Last week I wrote about when to add an interface to a class. The article finishes with the claim that classes from the application's domain don't usually need an interface. The reason is that domain code isn't going to be swapped out with something else. This code is the result of careful modelling work that's done based on the business domain that you work with. And even if you'd work on, say, two financial software projects in a row, you'll find that the models you produce for each of them will be different in many subtle (if not radical) ways. Paradoxically you'll find that in practice a domain model can sometimes be reused after all. There are some great examples out there. In this article I explain different scenarios of where and how reuse could work.
In "Facts and Fallacies of Software Engineering" (2002), Robert Glass speaks about reuse-in-the-small:
Reuse-in-the-small (libraries of subroutines) began nearly 50 years ago and is a well-solved problem.

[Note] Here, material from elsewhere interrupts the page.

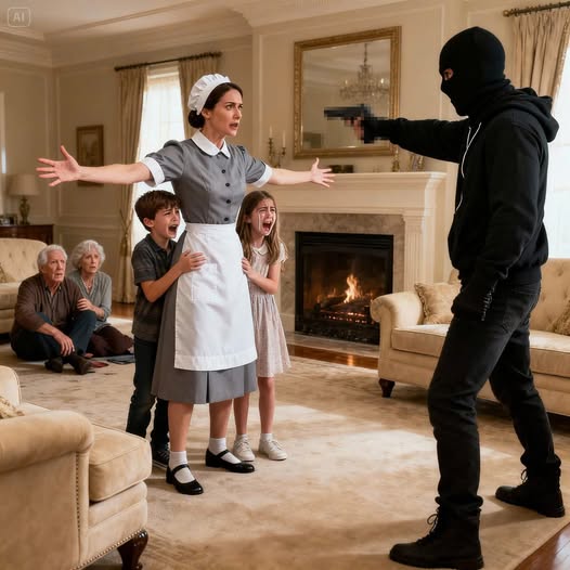 The Robbers Thought The Maid Was Helpless. They Chose The Wrong Mansion…..A gunshot split the air. Bang, the chandelier shook. Shards of dust raining down, screams exploded through the hall. Children cried, men in suits scrambled to the floor, hands over their heads. Down, everyone down, one of the masked robbers roared, waving his pistol.
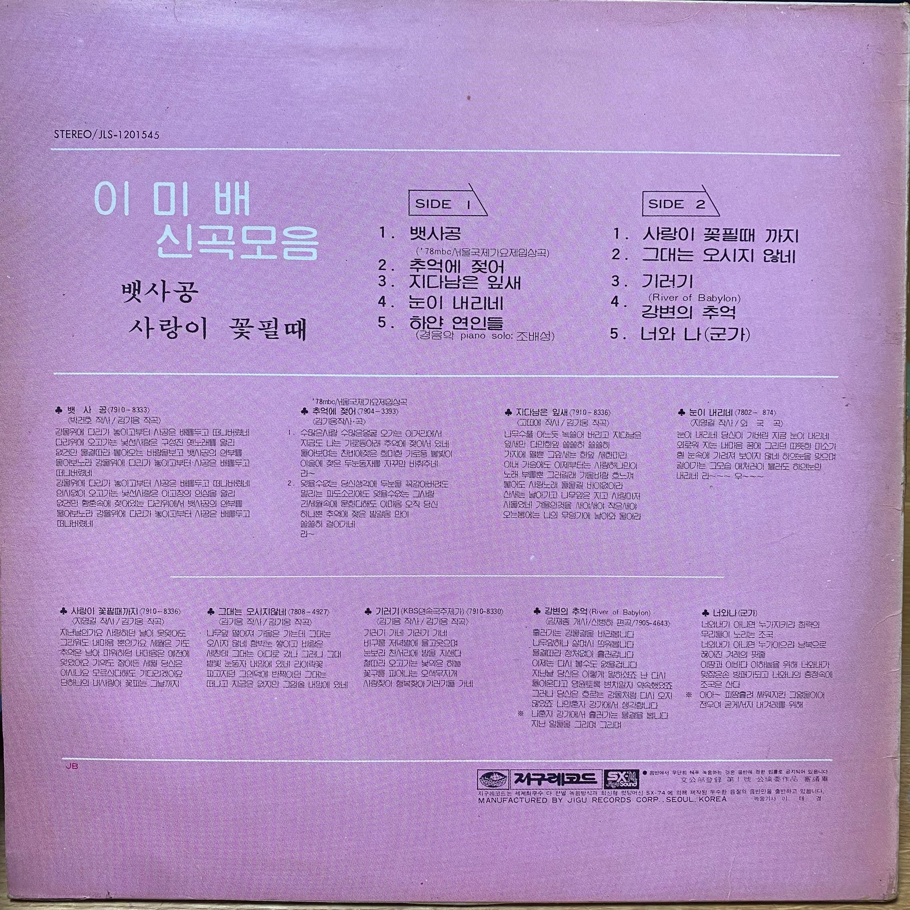 Comment : 79年に“ベッサゴン(船頭)”でデビューした韓国フィーメル歌手イミベの記念すべきデビューアルバム。タイトル曲A1“ベッサゴン(船頭)”はユンシネのコンヨニ(何となく)にも通じるグルーヴィファンク歌謡。

Reuse in software is quite possible, but only if the amount of shared code is relatively small. Examples of components with the right size in the PHP ecosystem would be:
- Flysystem (filesystem abstraction)
- ProxyManager (proxy generation)
- JMSSerializer (object serialization)
- Symfony Validator (validation)
And so on. The idea being: if the library is basically a utility function that "got a bit out of hand", but is flexible at the same time, supporting many different use cases, then we can speak of successful reuse. In particular because PHP package maintainers tend to set a very high standard for themselves: every quality indicator should be green, 100%, etc. And so it can happen that these packages have millions and millions of downloads.
By the way, I also count frameworks as successful reuse-in-the-small: most of them are a collection of utility-like libraries anyway, and they rarely get in the way in terms of flexibility, at least in my experience; you can build any web application on top of any of them.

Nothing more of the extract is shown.